If i am solving for a complex equation f(z) = 0. can i assume that if i solve [f(z)]* = 0, I'll get the solution to the first one??

I mean, does f(z) = 0 imply [f(z)]* = f(z*) = 0???

I think it should be, but its giving me vague answers for a question i'm trying to solve. pls help

2. Feb 9, 2009

### Citan Uzuki

Well, obviously f(z)* = 0 if and only if f(z) = 0, since 0* = 0. On the other hand, it is not necessarily true that f(z*) = 0. For instance, if f(z) = i+z, then f(i*) = f(-i) = 0, but f(i) = 2i ≠ 0.

Now, it may be the case that you can prove that f(z*) = f(z)* for every z -- for instance, if f was a polynomial in z with real coefficients, this equation would hold, and then solving for f(z*) = 0 would get you a solution to the original equation. But it's not true in general.

3. Feb 10, 2009

### praharmitra

ya...i had realised that....but the question i am trying to solve, has real coefficients....and also...

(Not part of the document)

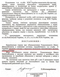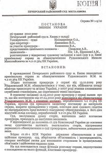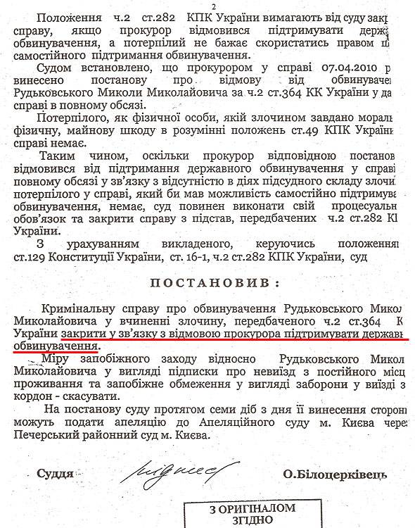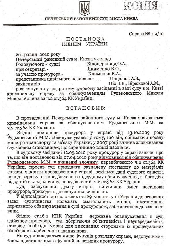 "В судовому засіданні 12.05.2010 року прокурор у справі заявив про те, що він постановою від 07.04.2010 року відмовився від обвинувачення Рудьковського у вчиненні злочину, передбаченого ч.2 ст.364 КК України, просив суд приєднати зазначену постанову до матеріалів справи, закрити провадження у справі, оскільки дані судового слідства не підтверджують пред'явленого підсудному обвинувачення, в його діях відсутній склад злочину, передбачений ч.2 ст.364 КК України", - ідеться у реабілітаційному для Рудьковського рішенні Печерського райсуду.

[exp(z)]* = exp(z*) right????

I dont know why i am getting stuck.... neway. i'll post it in the homework section if i cant do it

4. Feb 10, 2009

### Citan Uzuki

Yes, that is correct.

5. Feb 10, 2009

### deiki

Yes, you can expand the exp function into powerseries. Plugging the properties a*+b*=(a+b)* and a*∙b*=(a∙b)* into these powerseries will lead you pretty quickly to [exp(z)]* = exp(z*)

This work for any holomorphic function you can expand into powerseries with real coefficients.

6. Feb 10, 2009

### praharmitra

ok... I found my mistake. I can't do what I have been trying to do. Turns our there's an imaginary coefficient after all.

Thanks anyway.